Şimdi 100.Yıl Çarşısı yine yıkımla karşı karşıya. Bir CHP’li ve hukukçu belediye başkanı döneminde inşa edilen 100.Yıl Çarşısı, ne acıdır ki, yine CHP’den seçilen bir hukukçu belediye başkanı döneminde yıkımına yol açılıyor. Üstelik belediye 100.Yıl Çarşısı’nın yıkımı için iki kez açtığı ihaleyi, meslek örgütleri, uzmanların ve kamuoyunun baskısıyla iptal etmek zorunda kalmıştı. Üstüne 100.Yıl Çarşısı’nın yeniden işlevlendirilmesi için belediye bütçesinden kaynak aktararak yakın zamanda sonuçlanan fikir projesi yarışması açmıştı. Yarışmanın sonuçlanmasının hemen arkasından anlaşılan yarışmacıların önerileri ve jürinin verdiği karar, belediyenin hoşuna gitmemiş olacak ki, ne yapacağını popülist bir yöntemle anket yaparak halka sormaya karar verdi. Muhtemel ki hep kafalarında olan yıkım sürecine halkın bir bölümünü de bilimsel olmayan anket yöntemi ile ortak ederek, yıkımı gerçekleştirmek.

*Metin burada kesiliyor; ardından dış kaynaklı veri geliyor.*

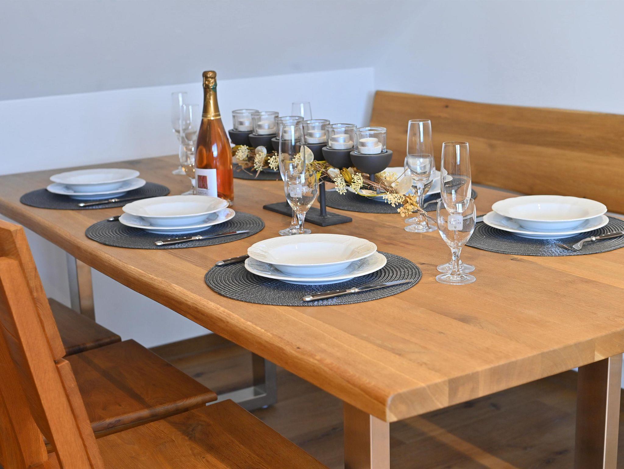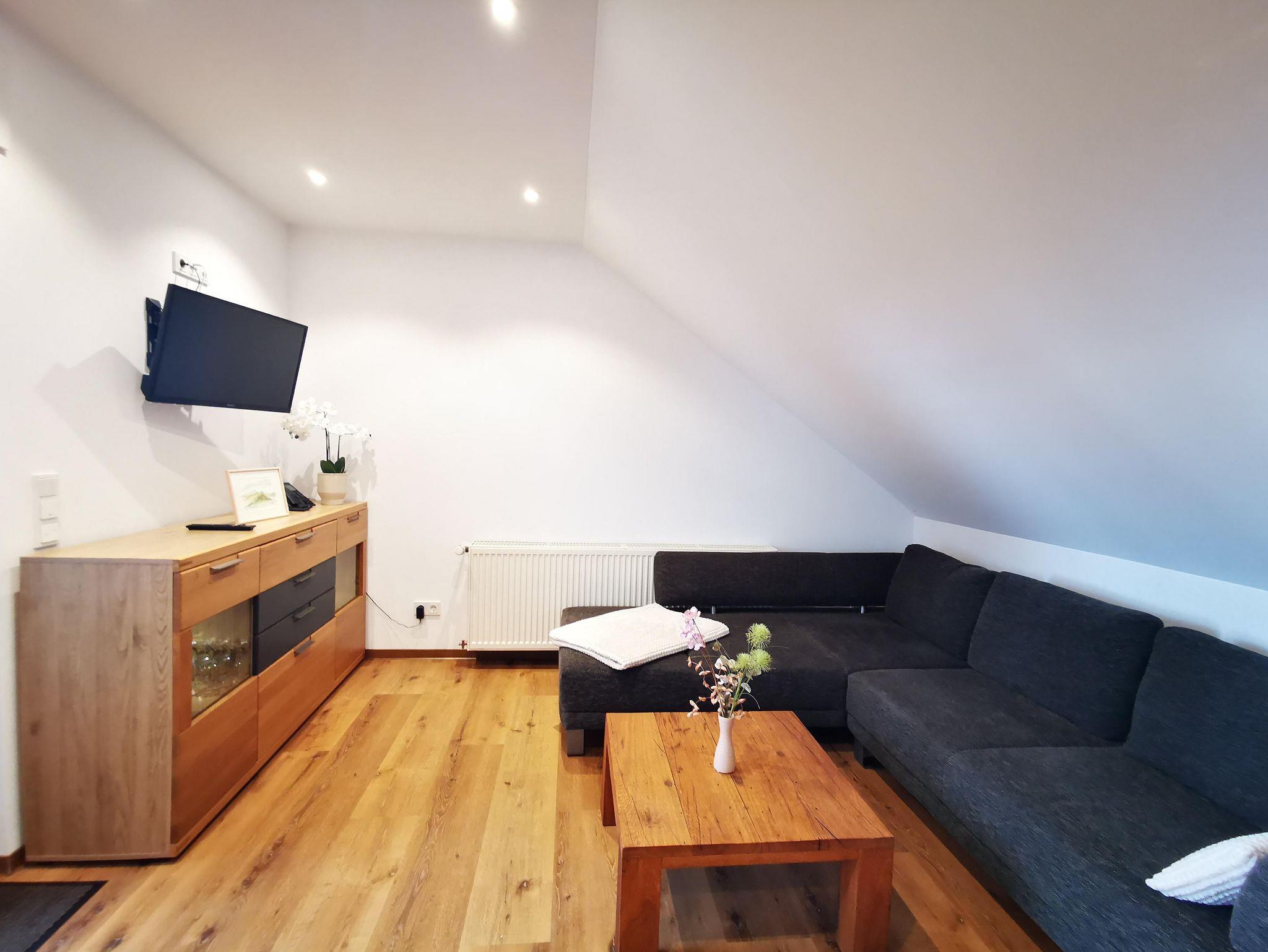 Vom restlichen Garten getrennt, liegt die Panoramasauna, mit Duschen, Ruhehütte und der dazu gehörigen Liegewiese. Diese steht ab der Wintersaison 2025/26 zur Verfügung. Aktuell können unsere Gäste unsere Sauna ca.200m von der Unterkunft entfernt nutzen.

100.Yıl Çarşısı, Ulus gibi çok katmanlıdır.

100.Yıl Çarşısı, farklı kotlarda çözülmüş teraslaması ile Ankara’ya bakan Cumhuriyet'in değerlerini seyrinin, üst kat ve kotunda algılayan çoklu katman özelliği ve özgünlüğü ile nadir bir yapıdır, Ulus gibidir. Atatürk’ün doğumunun 100. yılında açılmıştır, o yüzden 100.Yıl Çarşısı olarak anılır. Bugün bu özelliklerini algılayamıyorsak eğer, bunun çözümü yıllardır köhneleştirilen özgünlüğünü kaybettiren uygulamalara teslim olarak yıkmak değildir.

Ankara Büyükşehir Belediyesi’nden beklenen enerjisini bütüncül bir bakış açısıyla tarihsel çoklu kültür katmanı olan Ulus tarihi kent merkezinin koruma açmalı imar planına yoğunlaştırmasıdır. Yok, illa ki Ulus’ta bir yıkım isteniyorsa o bölgede yıkılacak ilk yapı Roma Yolu üzerindeki yapıdır.

Ankara Büyükşehir Belediyesi’nin kendi yaptığı yarışmanın sonuçlarına saygı duymaktan öte yapacağı başka bir çıkar yolu yoktur. 100. Yıl Çarşısı bir kültür değeri olarak korunmalıdır. Yıkım gerçekleşirse, en çok sevinen yıkımın fikir babası olan Gökçek olacaktır.